_MATERIAL FOR THE TASK_
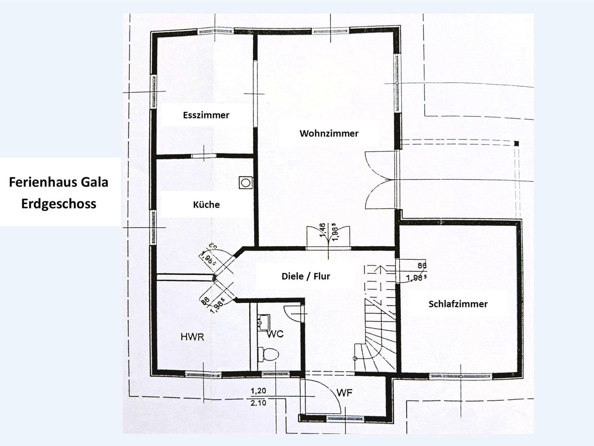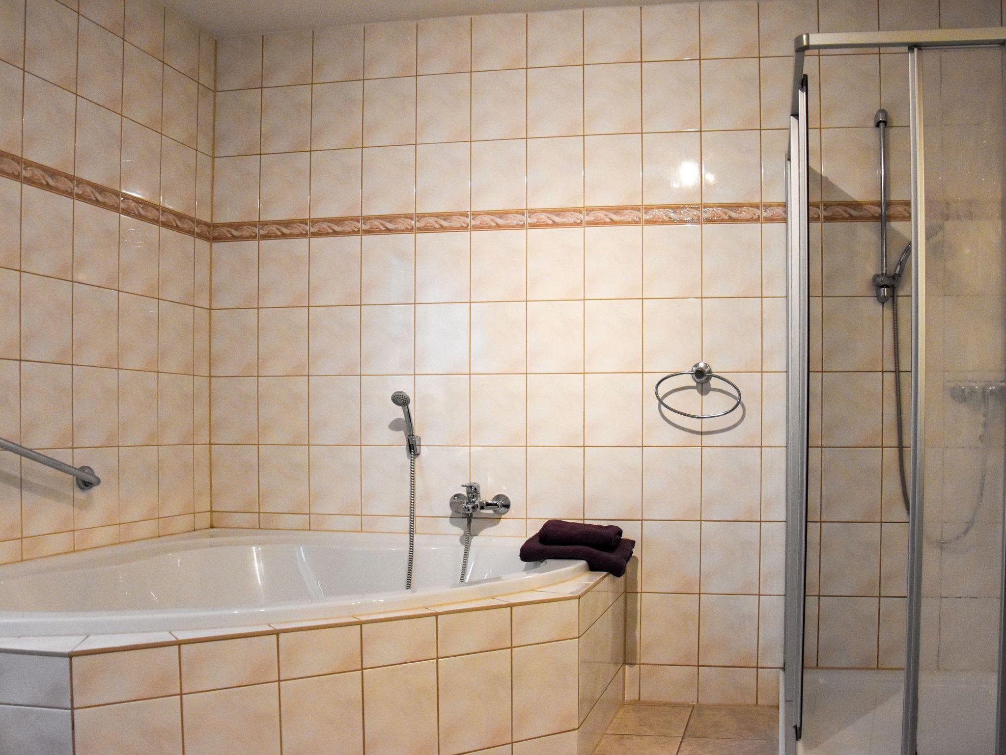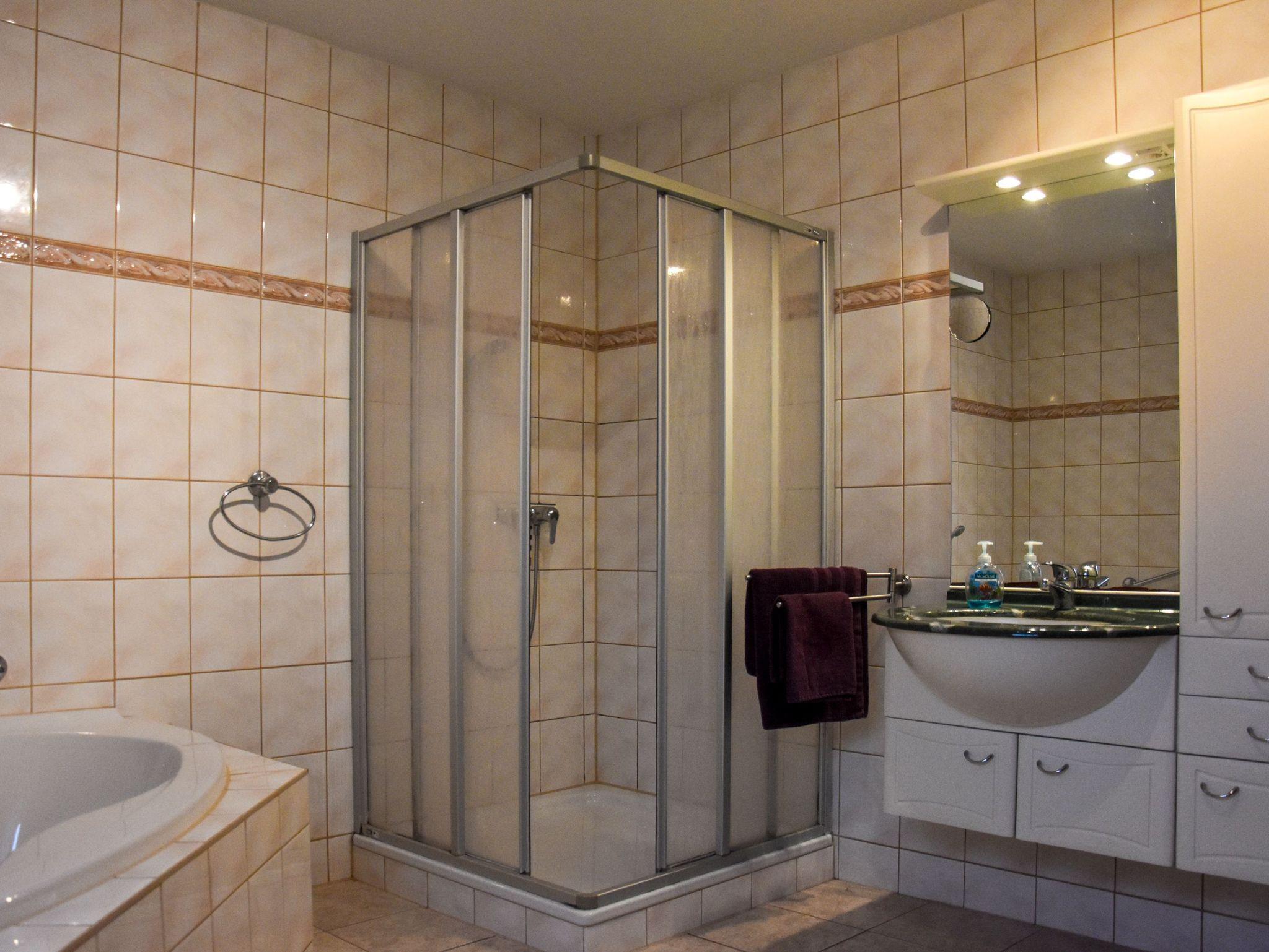 Weiterhin befinden sich im Erdgeschoss ein Schlafzimmer mit Doppelbett und ein Badezimmer mit Eckbadewanne und WC. Zusätzlich ist ein Gäste-WC vorhanden.
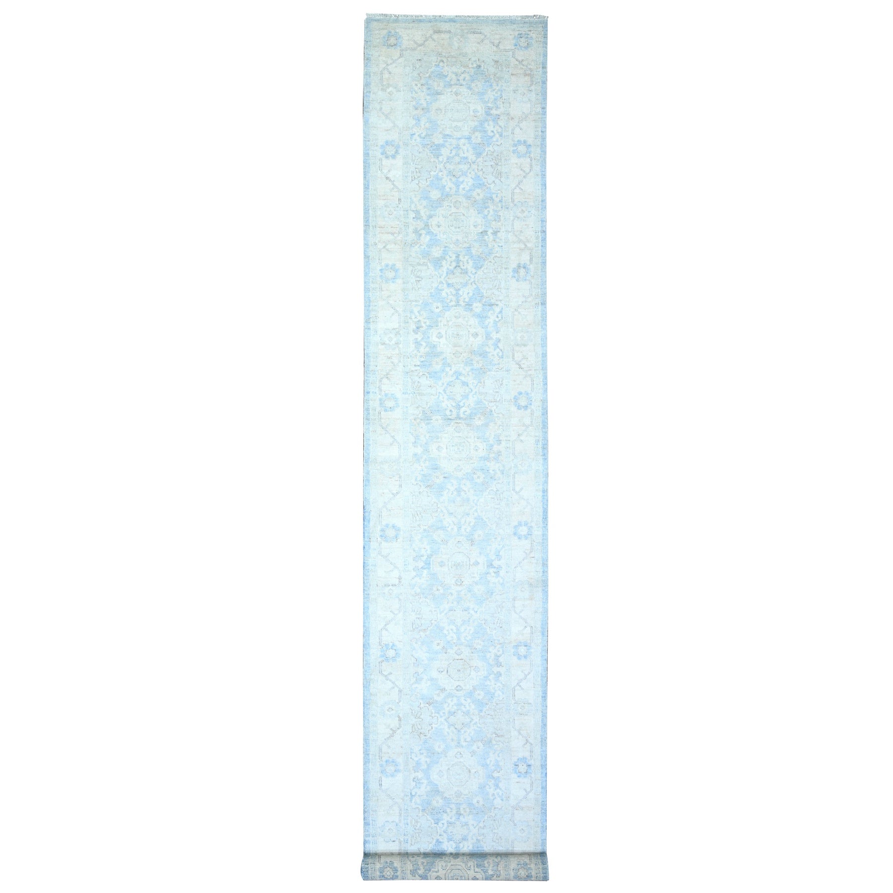 2'8"x16'2" Carolina Blue, Organic Wool Hand Knotted, Vegetable Dyes Finer Peshawar With Faded Colors, Xl Runner Oriental Rug FWR449724
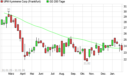 Mit dem Rücksetzer auf 23,42 EUR hat die UPM Kymmene-Aktie am 30.01.2026 die 200-Tage-Linie nach unten gekreuzt.
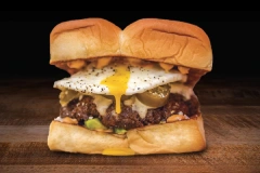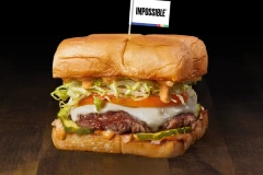 smash burger made with impossible® plant-based patty; on grilled king’s..
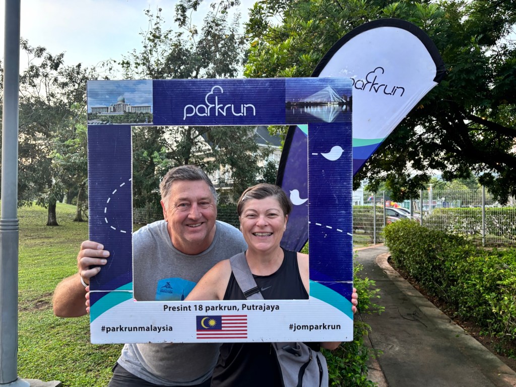 Saturday morning means Parkrun… yay!!! There’s just one Parkrun in Malaysia and it’s in Putrajaya which is about a 40 minute drive from KL but we are committed! We get up at 6:15am and taxi in the dark, but by the time we arrive, it’s light and we are ready to go. It’s a small number of people but they are all really friendly.
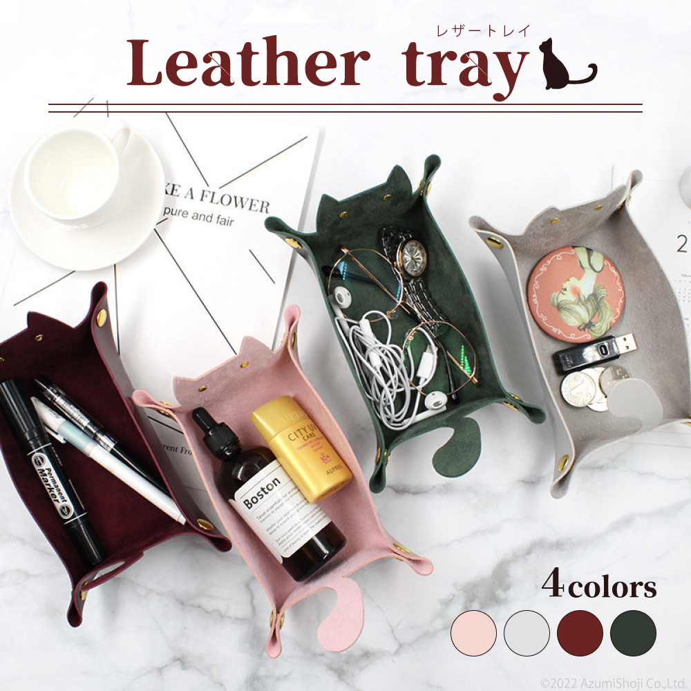 レザー風トレイ 猫 小物入れ 折り畳み 収納トレー アクセサリー 鍵 時計 指輪 メガネ 収納 ケース 猫グッズ 雑貨 かわいい プレゼント 小物 マネートレイ
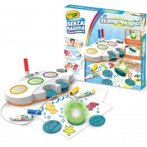 Gli stampa magici Gli stampa magici Color Wonder uniscono uno dei giochi preferiti dei bambini, gli stampini, con la necessità delle mamme di non sporcare perchè gli inchiostri sono trasparenti e acquistano colore solo sull'apposita carta Color Wonder e NON su pelle, mobili e tessuti! E' semplice e divertente: basta scegliere un colore, premere lo stampino sul tampone e osservare la manopola illuminarsi del colore scelto come per magia! Tanti stampini intercambiabili tematizzati mondo marino! Ideali per bambini dai 3+ Contenuto: Unità gli Stampa magici 3 tamponi d'inchiostro Color Wonder 3 pennarelli Color Wonder 10 stampini a tema marino Album Color Wonder 12 pagine
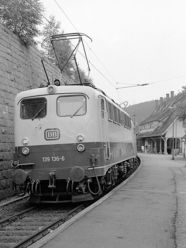 My onward journey from Titisee was on a Freiburg to Konstanz train headed by 139558 and banked up the steep gradients of the Hollentalbahn from Freiburg by 139309.

_INSTRUCTIONS TO FOLLOW_
In the records above, find the line containing "Oriental Rug FWR449724", then write out exactly that line and every later one through the last, omitting pictures.

_SOLUTION TO THIS EXERCISE_
 2'8"x16'2" Carolina Blue, Organic Wool Hand Knotted, Vegetable Dyes Finer Peshawar With Faded Colors, Xl Runner Oriental Rug FWR449724
 Mit dem Rücksetzer auf 23,42 EUR hat die UPM Kymmene-Aktie am 30.01.2026 die 200-Tage-Linie nach unten gekreuzt.
 smash burger made with impossible® plant-based patty; on grilled king’s..
 Saturday morning means Parkrun… yay!!! There’s just one Parkrun in Malaysia and it’s in Putrajaya which is about a 40 minute drive from KL but we are committed! We get up at 6:15am and taxi in the dark, but by the time we arrive, it’s light and we are ready to go. It’s a small number of people but they are all really friendly.
 レザー風トレイ 猫 小物入れ 折り畳み 収納トレー アクセサリー 鍵 時計 指輪 メガネ 収納 ケース 猫グッズ 雑貨 かわいい プレゼント 小物 マネートレイ
 Gli stampa magici Gli stampa magici Color Wonder uniscono uno dei giochi preferiti dei bambini, gli stampini, con la necessità delle mamme di non sporcare perchè gli inchiostri sono trasparenti e acquistano colore solo sull'apposita carta Color Wonder e NON su pelle, mobili e tessuti! E' semplice e divertente: basta scegliere un colore, premere lo stampino sul tampone e osservare la manopola illuminarsi del colore scelto come per magia! Tanti stampini intercambiabili tematizzati mondo marino! Ideali per bambini dai 3+ Contenuto: Unità gli Stampa magici 3 tamponi d'inchiostro Color Wonder 3 pennarelli Color Wonder 10 stampini a tema marino Album Color Wonder 12 pagine
 My onward journey from Titisee was on a Freiburg to Konstanz train headed by 139558 and banked up the steep gradients of the Hollentalbahn from Freiburg by 139309.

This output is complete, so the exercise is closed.